Mathematical modeling and analysis: We derive with high fidelity the mathematical model for the behavior analysis of butterfly valves driven by solenoid actuators using multiphysics models. Based on that model, the dynamics of the valve was analyzed. The results have shown some nonlinearities responses to be considered in order to uncover harmful phenomena captured in the practice.

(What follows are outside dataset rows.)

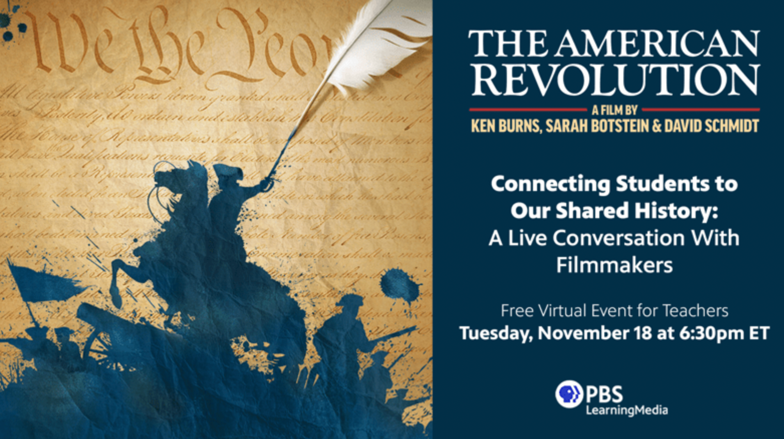 Join PBS LearningMedia on November 18th at 6:30 pm ET for an engaging conversation with Ken Burns, Sarah Botstein, and David Schmidt, the filmmakers of The American Revolution.
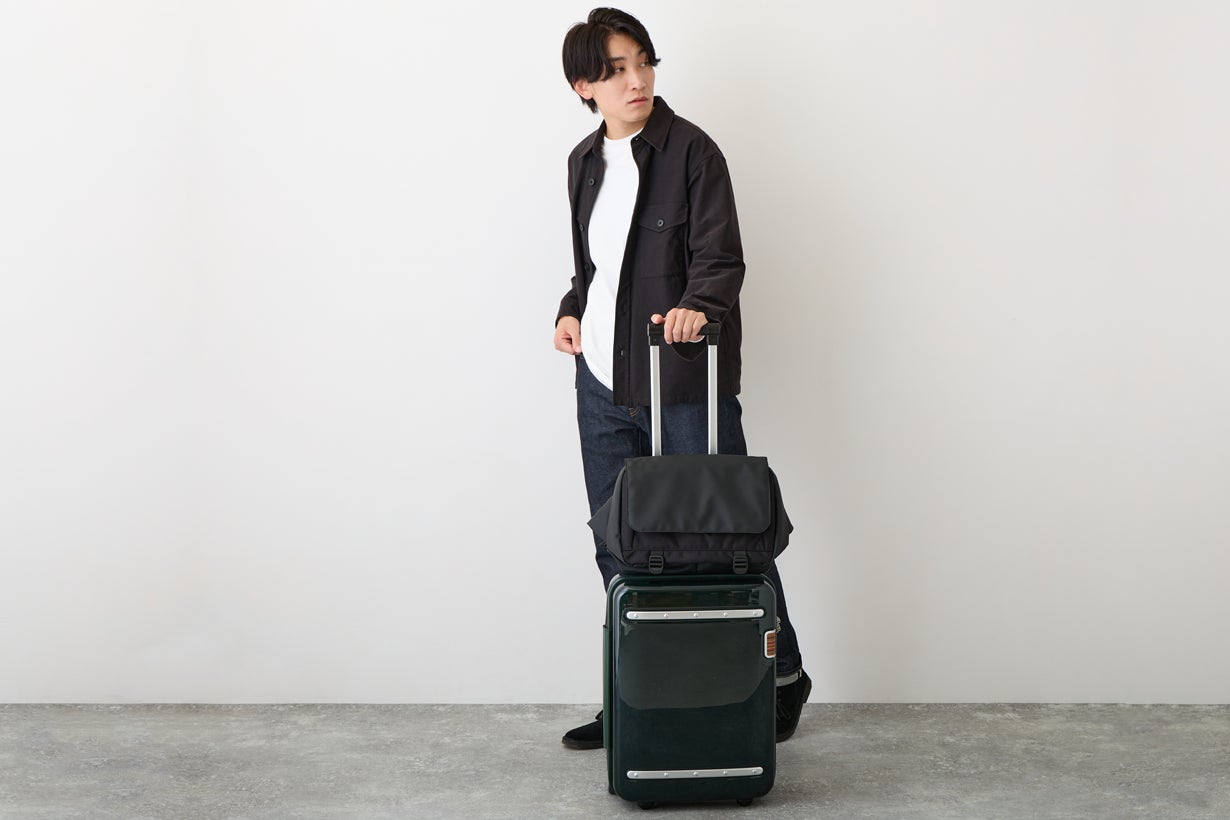 拡張が出来ることで、普段は必要最低限の荷物で身軽に出かけて、荷物が増えたときも拡張することで対応ができるので、いつでもこのバッグ一つで出掛けられる設計になっています。
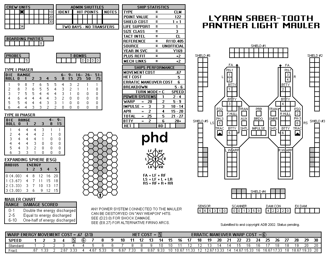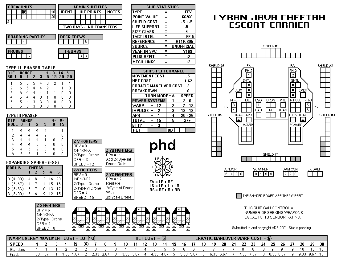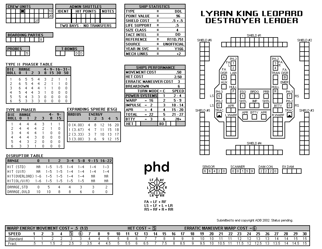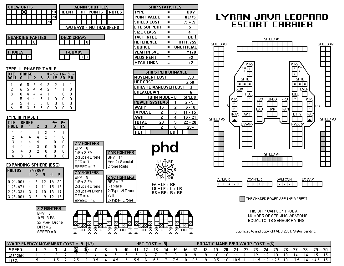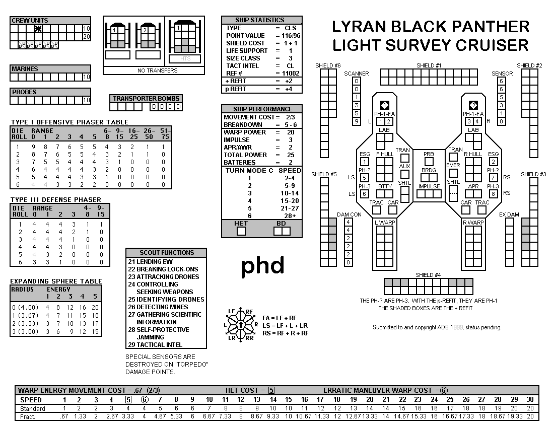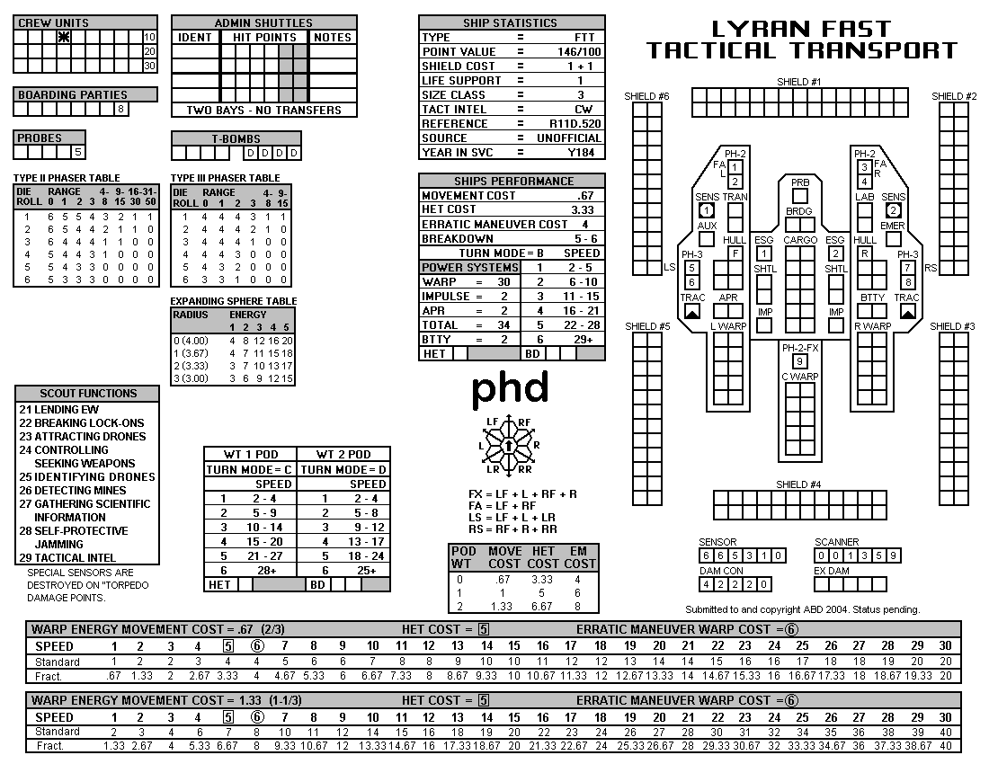 | Note: Due to the small size of this ship, a type-VI drone does 4 pts. of
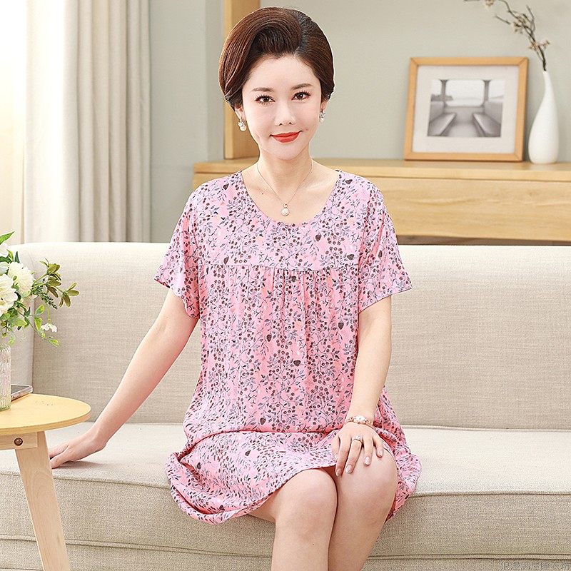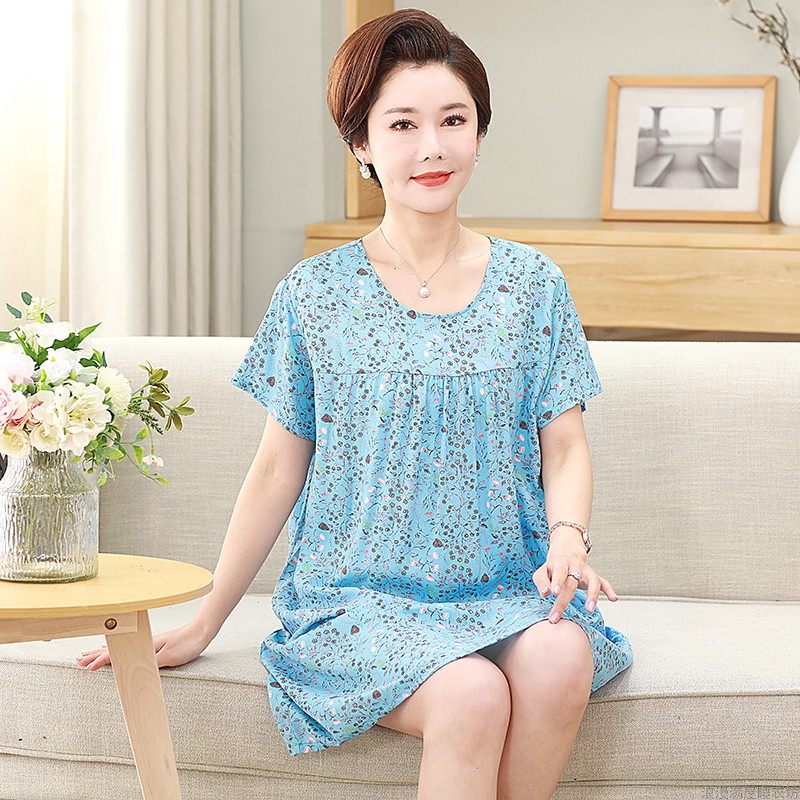 中老年睡衣女夏款纯棉绸妈妈睡裙女夏季加肥大码家居服薄款连衣裙
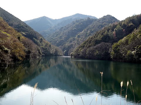 | 牛が迫堰堤の湖面には逆さザレ山が映る。反対をには向津具半島が望める。駐車地まで戻りお地蔵さまに安全登山の感謝をして、 黄波戸温泉交流センターで汗を流し、今夜の宿道の駅センザキッチンで車中泊をした。 |
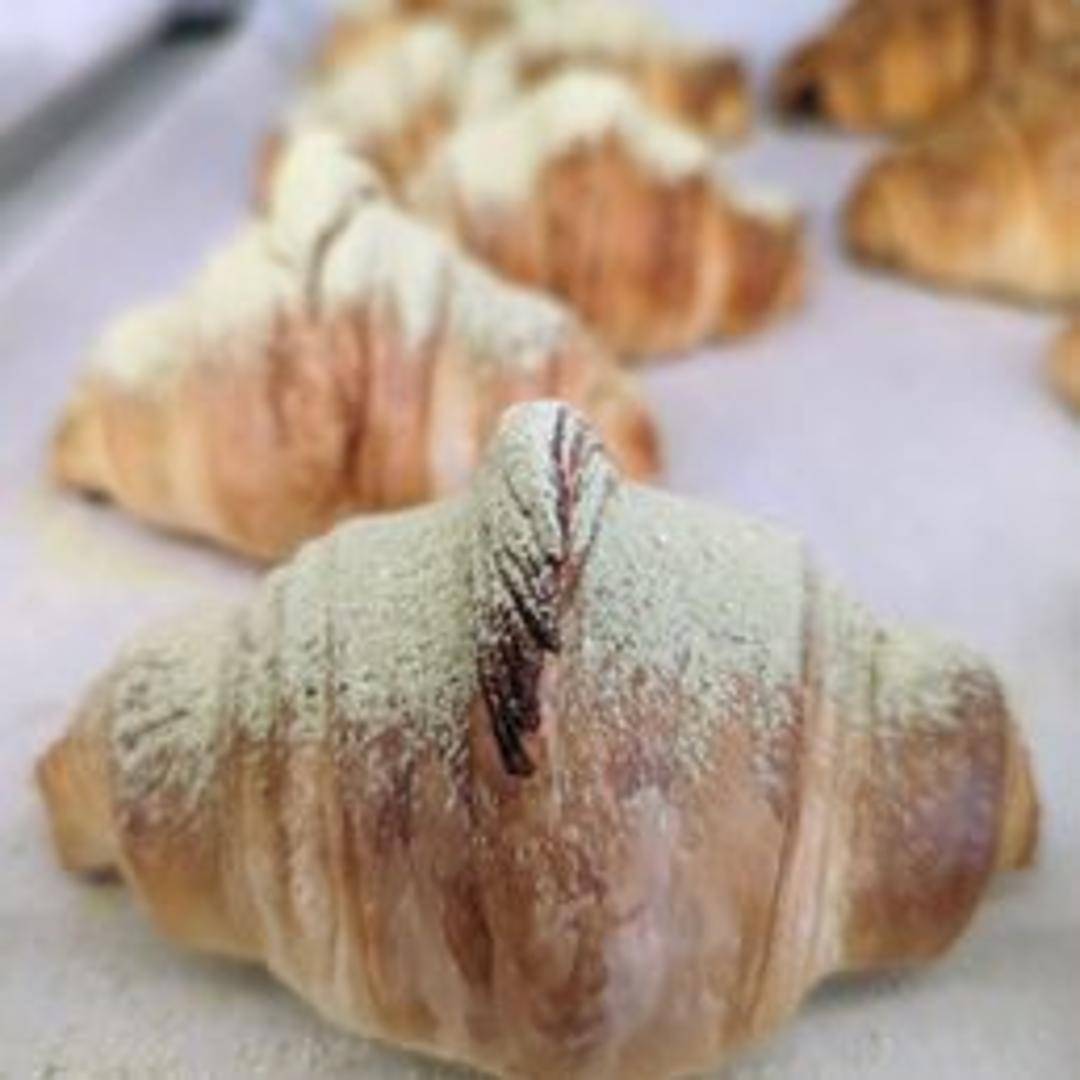 A vibrant green croissant infused with the earthy and slightly sweet flavor of matcha. Features a flaky exterior and a soft, layered interior with a subtle green tea aroma. May have a matcha glaze or filling for an extra boost of flavor.
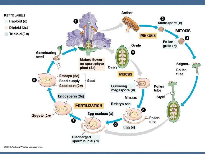 Life cycle of Angiosperms n Like conifers, gametophyte generation is contained within sporophyte generation Panama’s national flower
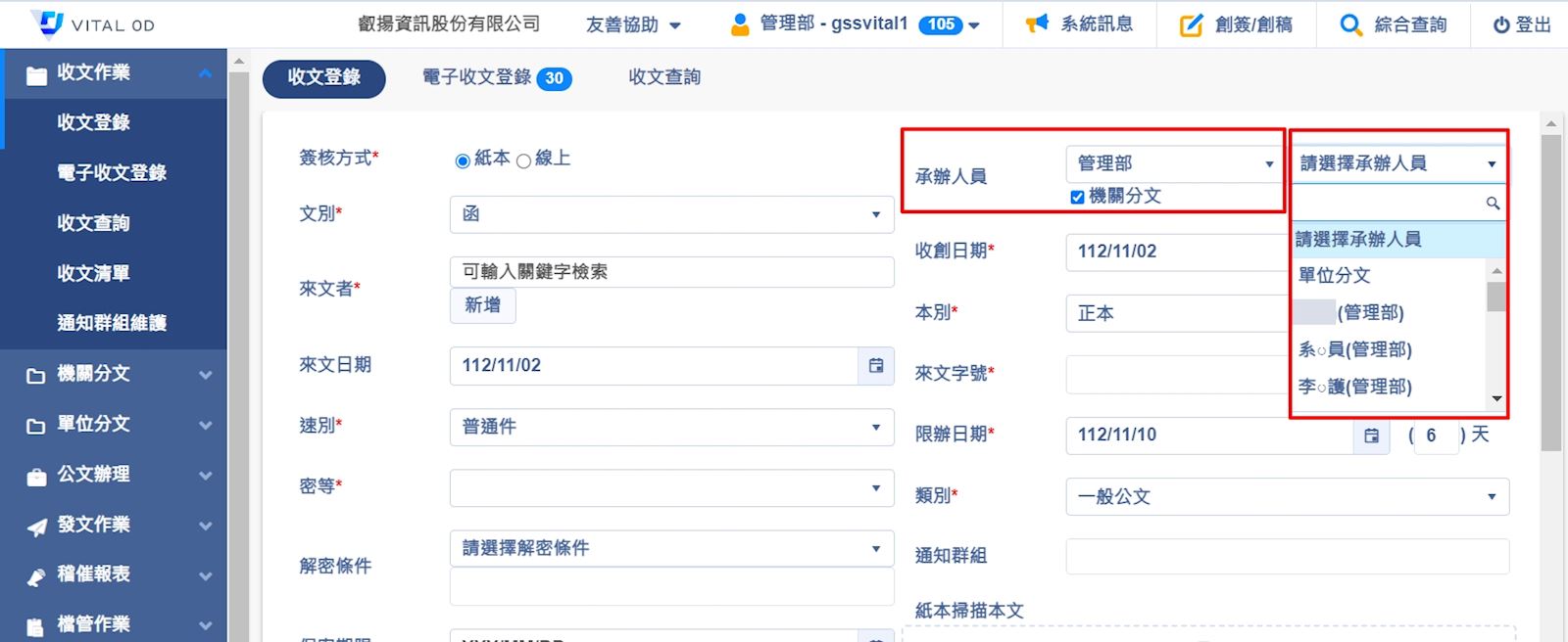收文登錄指定承辦人下拉選單的下方新增「選擇承辦人」、「機關分文」及「單位分文」三個選項。
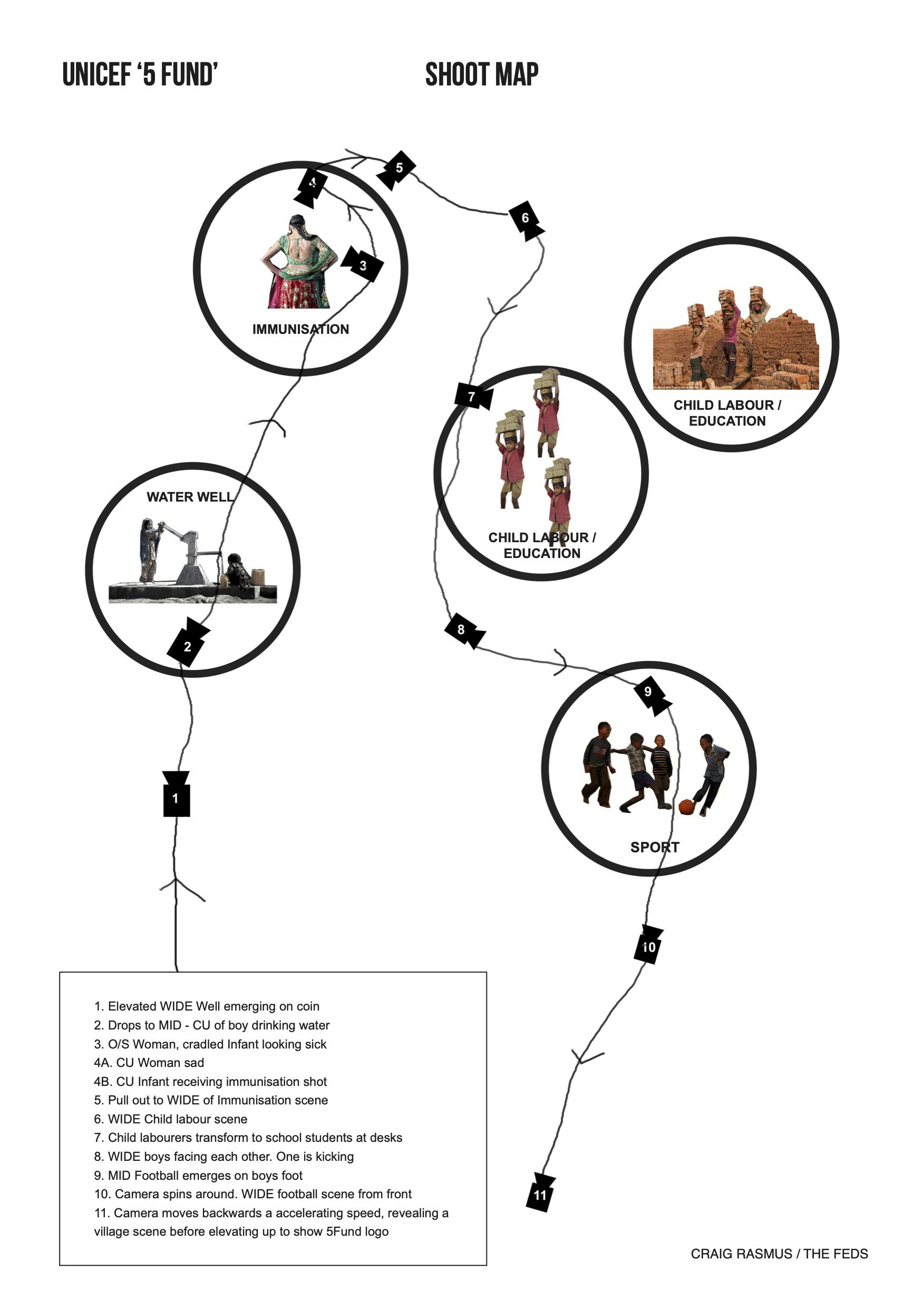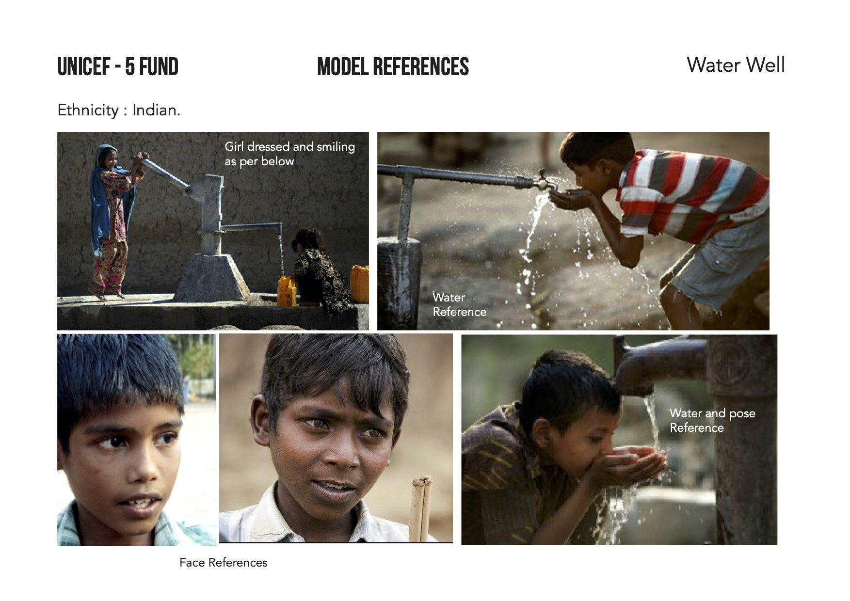 Over coffee, ECD Mike Spirkovski (then of Iris Worldwide) shared the spark of an idea: a 5 cent coin lying on a tray table, from which a small boy emerges, drinking from a well. He imagined it not as a literal scene, but something metaphorical—like the coin itself giving life. That moment became the visual cornerstone of the film. I was given creative autonomy to develop the rest of the narrative: a series of unfolding moments that would show how donated coins fund UNICEF’s essential work for children in need.

• The complex interplay between the electromagnetic, hydrodynamic and mechanical forces leads to a funda- mentally multiphysical, nonlinear dynamical model.
• The static on–off angle linearly increases with the time constant of the electric circuit
• The critical (cut-off) angle for stability depends nonlinearly on the inlet velocity and the seating coefficient.
• The cut-off velocity decreases as the cut-off angle increases.
• The inlet velocity can sift the frequency response curve
• The system is also shown to exhibit complex nonlinear phenomena such as hysteresis, horseshoes chaos, crisis and transient chaotic responses.

Optimal design

The results of the optimization indicated that energy optimization is associated with the following observations.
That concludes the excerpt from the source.